I spin out of the revolving door into an uppercut by a cold April wind. I take it, still dazed from an earlier battle; a day with a judgemental, condescending harpy in full-blown ego who sends my very soul to the wall.
"Use your words,"
she says when I choke on part of a conversation. Subtle. Mean. Sums me up with,
"Hmm. A Quaker raised on a farm!"
in a throw-away, arrogant tune. It took all of my strength not to explode out of my chair and pin her by the throat against a shattered window...explain through clenched teeth that there is no scale from 1-to-10 for this rage that I have, and it didn't come from the Quakers. It came from Beefeater, darkness, unbearable heartbreak, and two cartridges from a shotgun.
But I don't. I endure and behave. Now, hours later, I'm out on the street weighed down with my bags strapped over my shoulders, committed to continuing this fraud of contentment, of competence, taking random hits from wind and spatters of rain doled out like difficult blessings from a crazed priest. I walk up University. I can not bear the subway right now. I am constantly pushing my hair up out of my face and imagine that if I sat on a corner with a cup, nobody would think it strange.
Outside of the hospital on my route, I notice a middle-aged man bent over near the curb fussing with a bundle of bags or maybe a bike. He is wearing old hospital scrub pants and a navy-blue bomber ski jacket with hood. He has a bandana around his greying, wild hair and a cigarette hanging out of his mouth. His face is seasoned like a creased leather bus seat. I am ten feet away from him, trying to figure his story, when he turns to take a cursory look at me. He stops what he is doing and looks again, rests his hands on his thighs and in a voice betraying the scrape and grit of a hard life, says,
"You are so fucking beautiful."
He stands and takes the cigarette out of his mouth, pivoting as I pass.
"You are...you are so fucking beautiful. You've got it. You've got everything...fucking beautiful..."

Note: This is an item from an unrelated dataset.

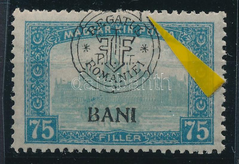 Kolozsvár 1919 Parlament 75f a felülnyomatban lemezhibával (kis festékfolt elöl-hátul) / with plate variety (small ink spots front and back)

I keep moving but turn and smile at him. I make it clear that I am grateful, acknowledging him, pulling my hair out of my face again and walking backwards away from him. He is still talking but the wind scuttles his words. I wave and turn back towards my route. Something about him; his sincerity cloaked in whatever unknowable lunacy or struggle, timing as if sent. It wasn't like I was wearing a cocktail dress and heals. I had cowboy boots, jeans and a trench coat.
So I take it. Keep walking. Slowly unclench my fists.